Using the data that follows, give again word for word the lines between the one holding "- High-Quality Material: KOVOSCH" and the one holding "Playera infantil manga", inclusive. Omit the pictures.

Stored items
_ _ _ _ _ _ _
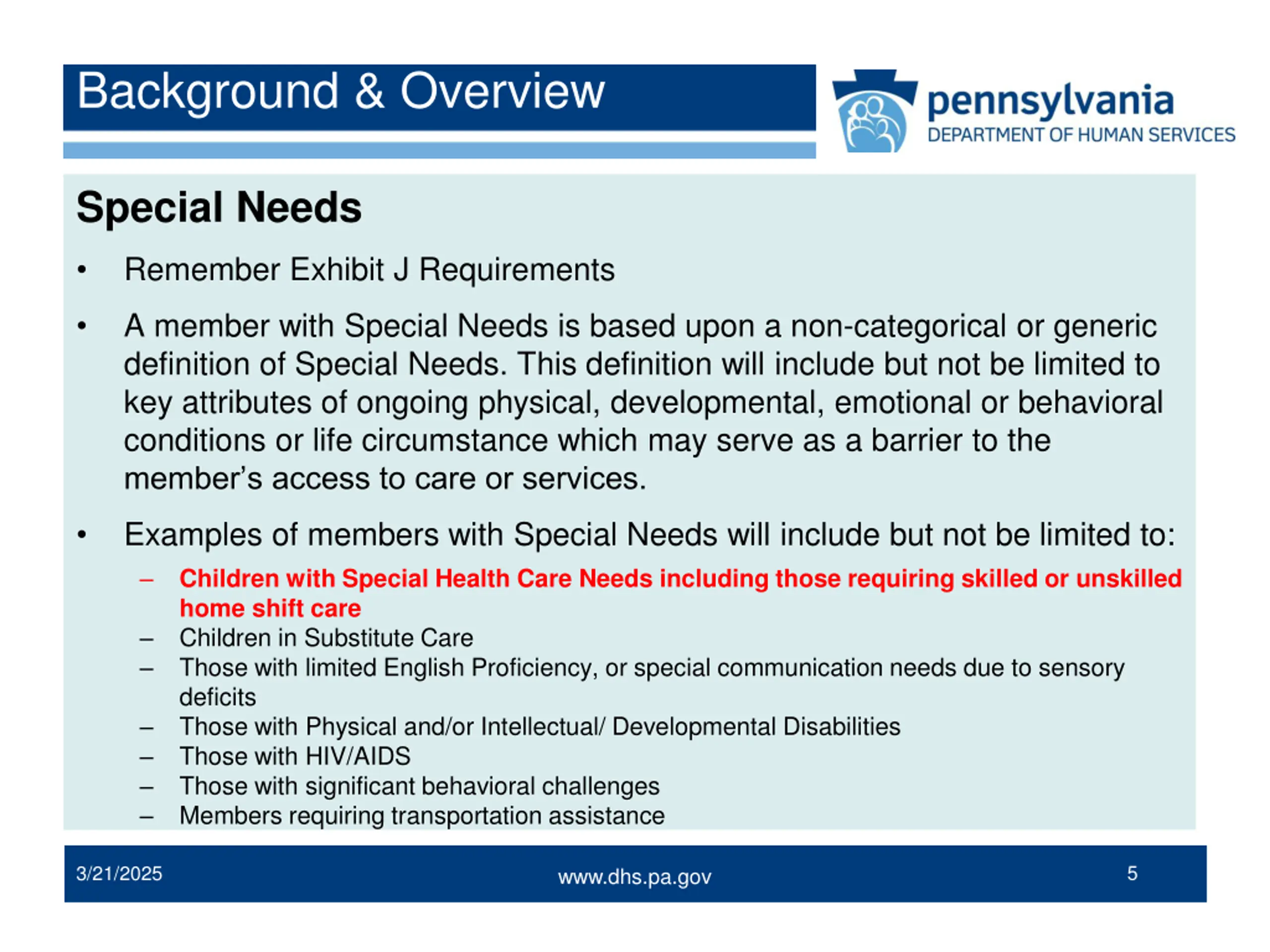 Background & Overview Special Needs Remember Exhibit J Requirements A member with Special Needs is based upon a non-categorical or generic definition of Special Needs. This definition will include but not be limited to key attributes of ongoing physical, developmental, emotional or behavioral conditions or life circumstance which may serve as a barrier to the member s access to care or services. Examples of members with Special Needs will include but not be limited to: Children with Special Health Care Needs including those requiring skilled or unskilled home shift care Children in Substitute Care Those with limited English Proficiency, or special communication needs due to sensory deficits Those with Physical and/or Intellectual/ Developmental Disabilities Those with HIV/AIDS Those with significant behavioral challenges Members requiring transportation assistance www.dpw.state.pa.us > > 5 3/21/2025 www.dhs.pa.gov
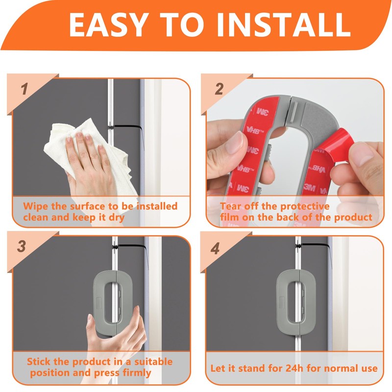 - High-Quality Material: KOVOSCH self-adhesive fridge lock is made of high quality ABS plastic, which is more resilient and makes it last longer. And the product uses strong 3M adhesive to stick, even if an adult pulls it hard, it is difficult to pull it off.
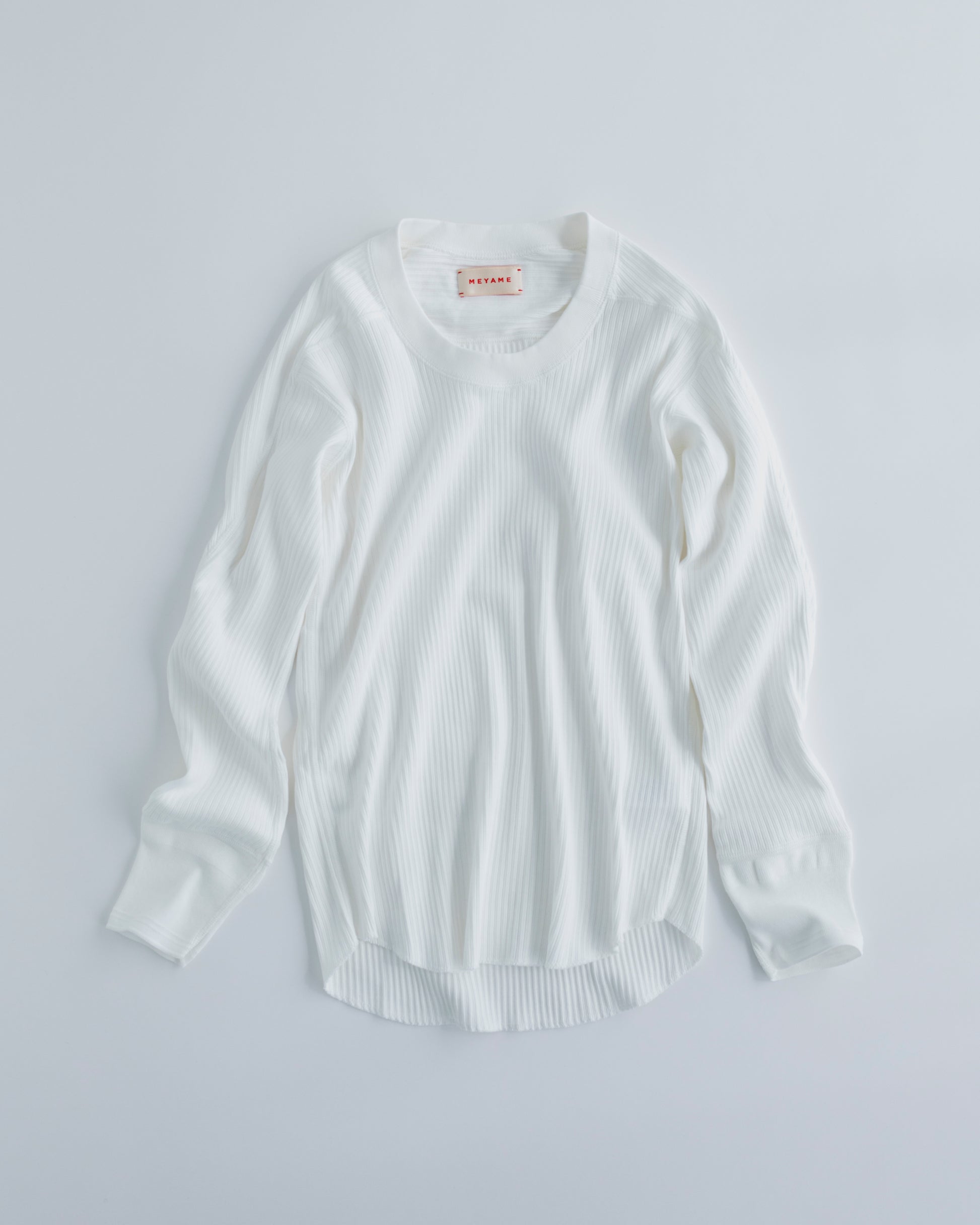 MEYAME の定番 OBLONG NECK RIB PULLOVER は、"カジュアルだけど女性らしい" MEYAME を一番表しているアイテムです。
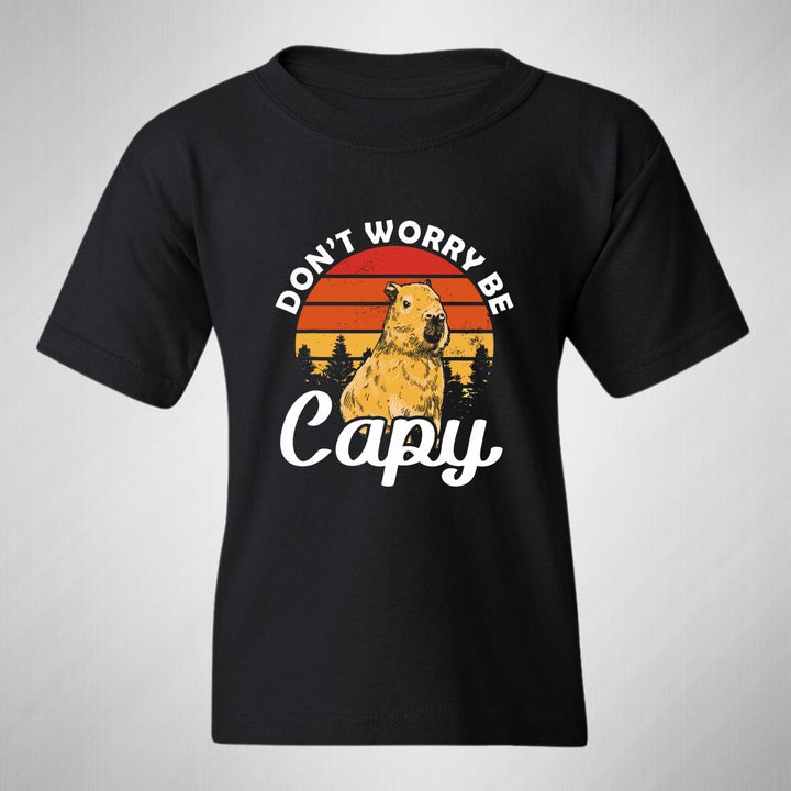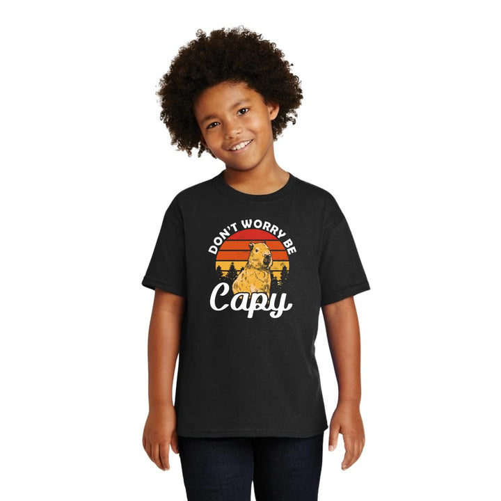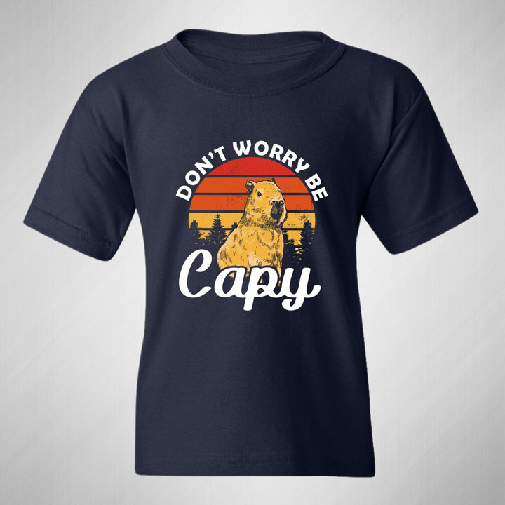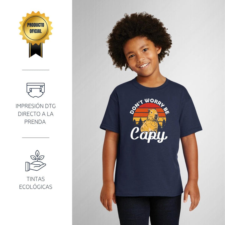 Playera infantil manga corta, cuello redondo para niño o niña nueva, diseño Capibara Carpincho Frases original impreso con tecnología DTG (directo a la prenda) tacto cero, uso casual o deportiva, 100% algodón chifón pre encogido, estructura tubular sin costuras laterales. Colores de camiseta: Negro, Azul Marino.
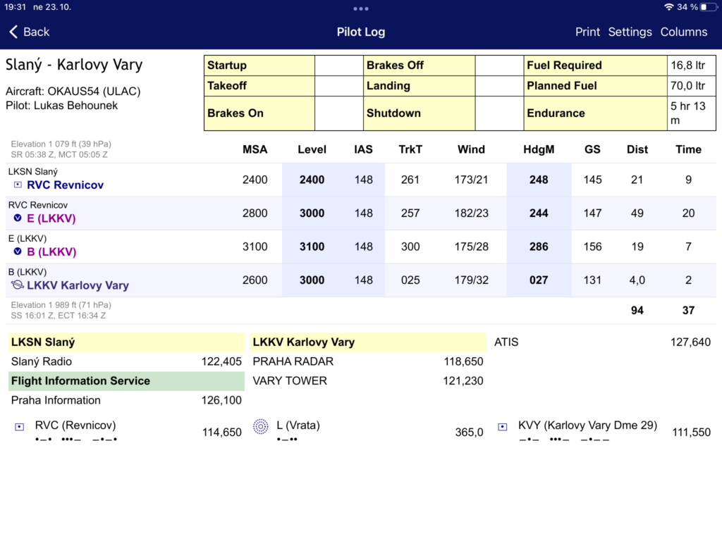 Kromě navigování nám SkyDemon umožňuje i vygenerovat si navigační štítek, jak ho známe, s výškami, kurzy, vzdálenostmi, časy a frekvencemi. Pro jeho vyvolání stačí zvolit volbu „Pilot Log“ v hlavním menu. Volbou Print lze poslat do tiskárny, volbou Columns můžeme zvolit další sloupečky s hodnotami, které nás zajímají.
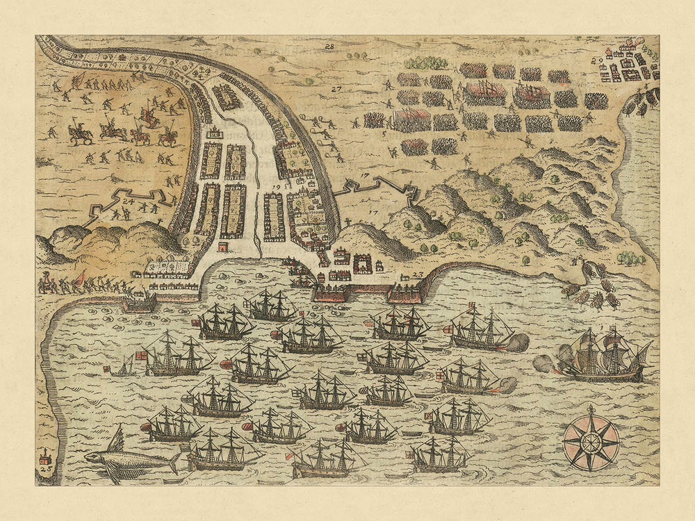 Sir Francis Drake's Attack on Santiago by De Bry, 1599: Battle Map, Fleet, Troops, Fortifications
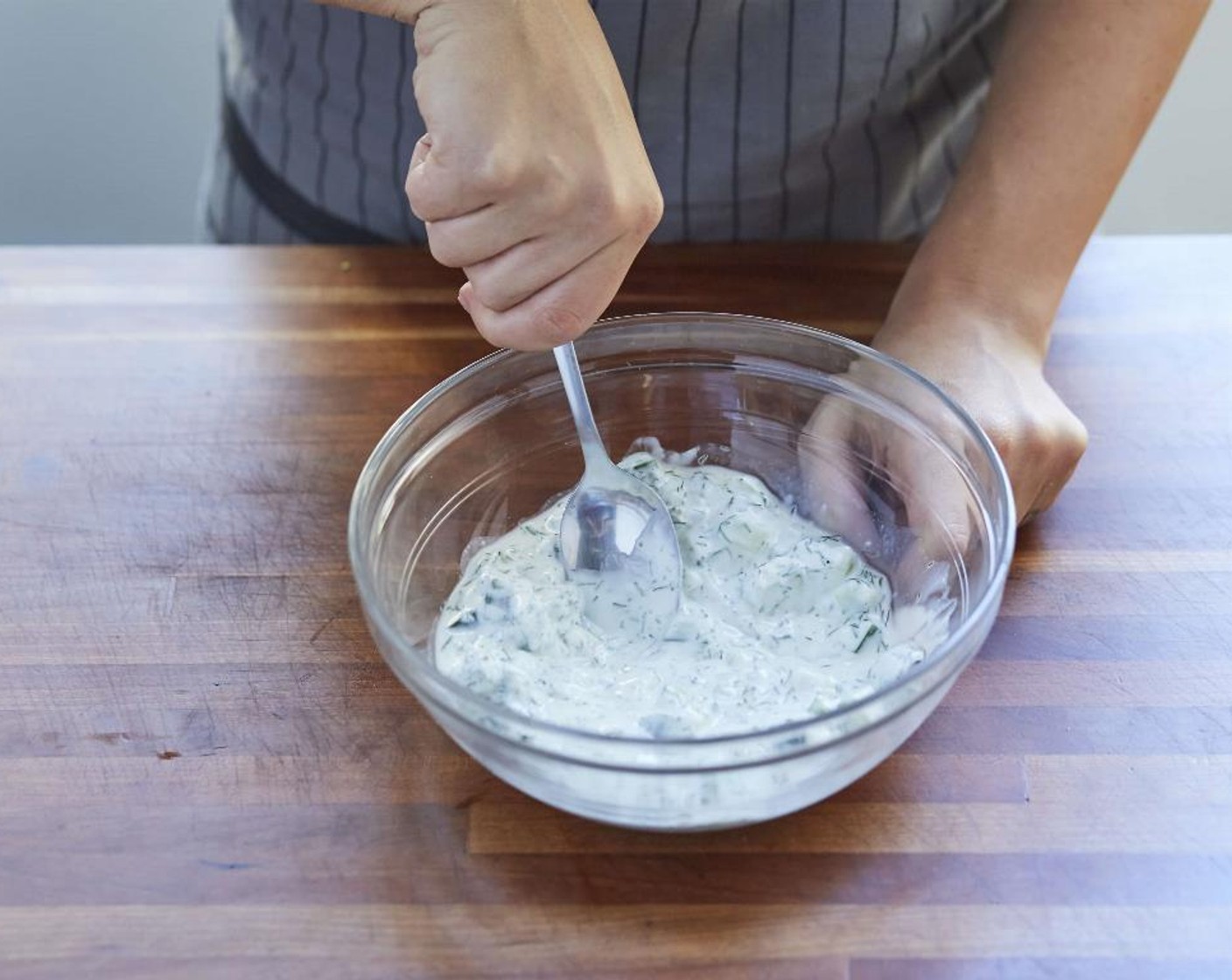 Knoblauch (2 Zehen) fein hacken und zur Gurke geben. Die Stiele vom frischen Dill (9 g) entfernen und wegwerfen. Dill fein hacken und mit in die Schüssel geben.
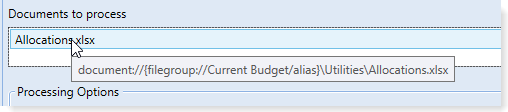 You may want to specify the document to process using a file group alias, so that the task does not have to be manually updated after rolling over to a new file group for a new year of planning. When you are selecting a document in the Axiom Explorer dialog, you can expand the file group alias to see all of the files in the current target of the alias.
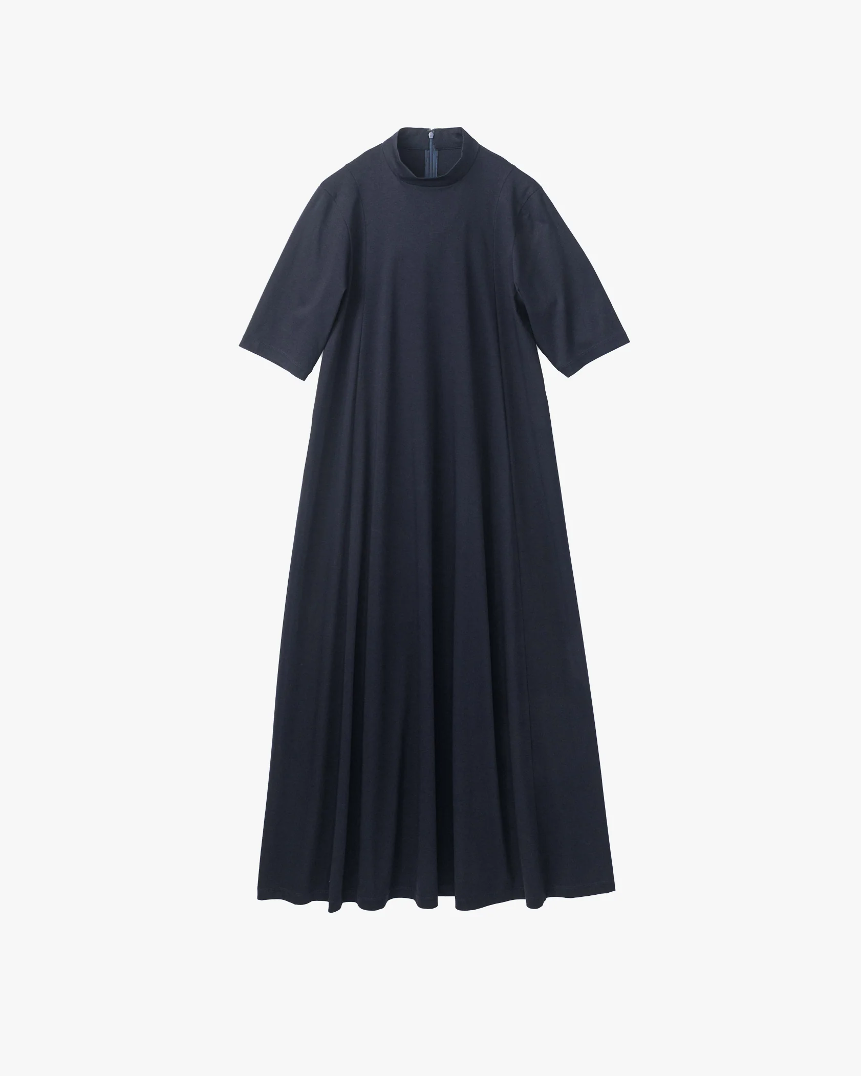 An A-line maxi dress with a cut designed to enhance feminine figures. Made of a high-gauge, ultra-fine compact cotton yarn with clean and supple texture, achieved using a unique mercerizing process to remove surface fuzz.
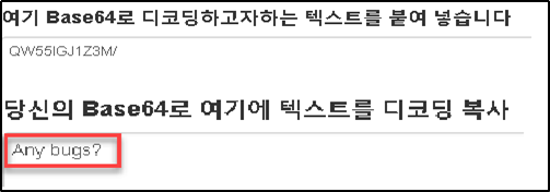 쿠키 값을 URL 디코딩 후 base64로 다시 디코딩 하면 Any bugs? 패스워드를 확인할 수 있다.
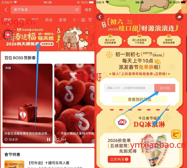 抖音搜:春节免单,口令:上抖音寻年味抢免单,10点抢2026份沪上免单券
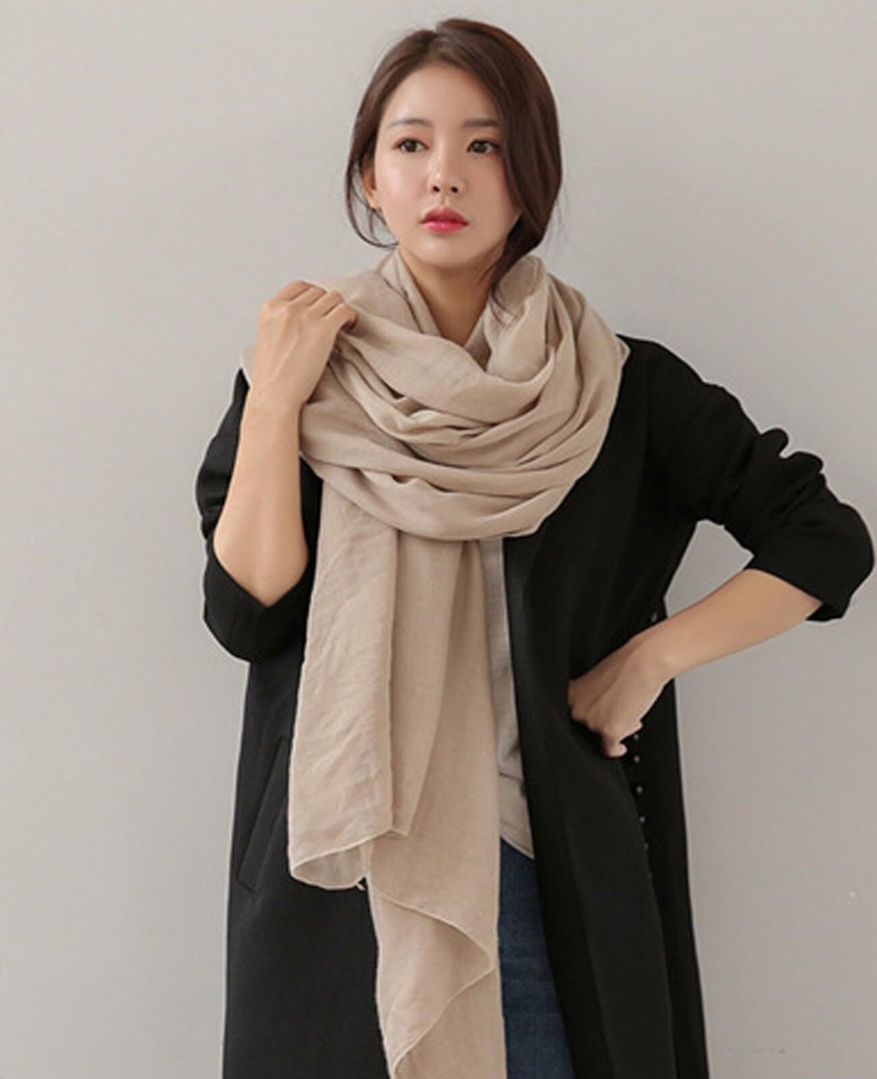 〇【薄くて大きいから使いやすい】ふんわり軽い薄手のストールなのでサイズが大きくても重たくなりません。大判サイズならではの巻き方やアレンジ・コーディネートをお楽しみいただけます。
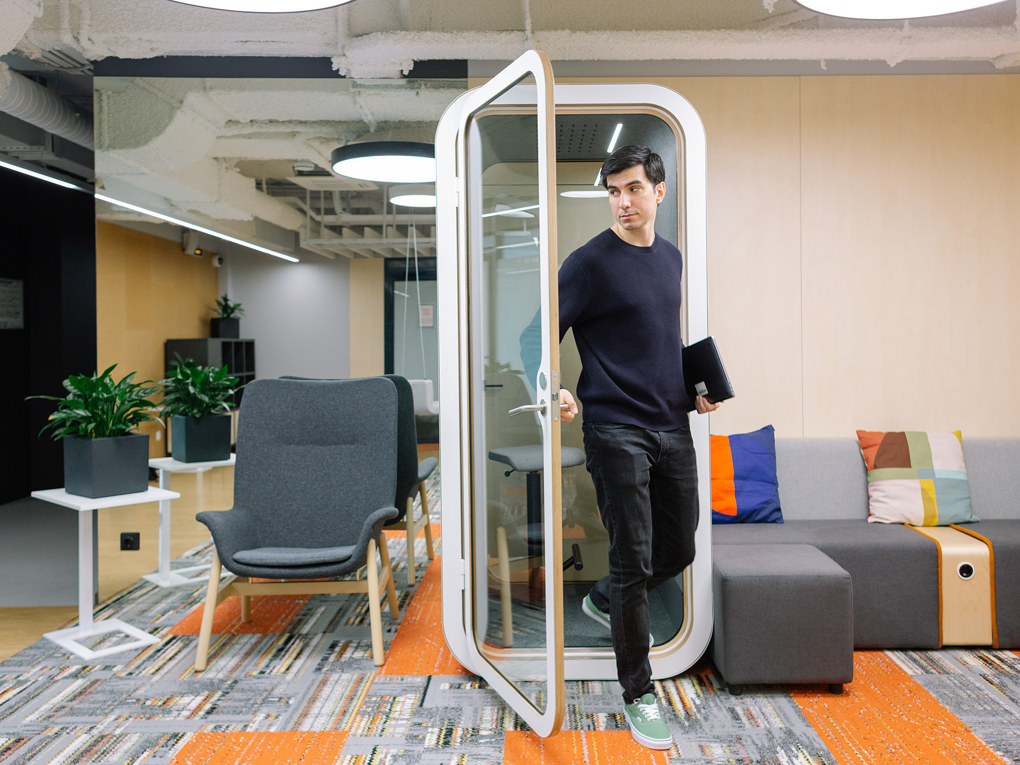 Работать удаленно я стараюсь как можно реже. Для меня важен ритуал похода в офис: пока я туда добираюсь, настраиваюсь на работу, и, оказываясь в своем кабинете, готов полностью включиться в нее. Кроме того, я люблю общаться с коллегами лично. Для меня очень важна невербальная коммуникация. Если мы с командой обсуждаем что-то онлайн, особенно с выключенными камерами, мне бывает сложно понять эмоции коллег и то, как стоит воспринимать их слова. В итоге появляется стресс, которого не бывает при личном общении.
_ _ _ _ _ _ _
RESULT:
 - High-Quality Material: KOVOSCH self-adhesive fridge lock is made of high quality ABS plastic, which is more resilient and makes it last longer. And the product uses strong 3M adhesive to stick, even if an adult pulls it hard, it is difficult to pull it off.
 MEYAME の定番 OBLONG NECK RIB PULLOVER は、"カジュアルだけど女性らしい" MEYAME を一番表しているアイテムです。
 Playera infantil manga corta, cuello redondo para niño o niña nueva, diseño Capibara Carpincho Frases original impreso con tecnología DTG (directo a la prenda) tacto cero, uso casual o deportiva, 100% algodón chifón pre encogido, estructura tubular sin costuras laterales. Colores de camiseta: Negro, Azul Marino.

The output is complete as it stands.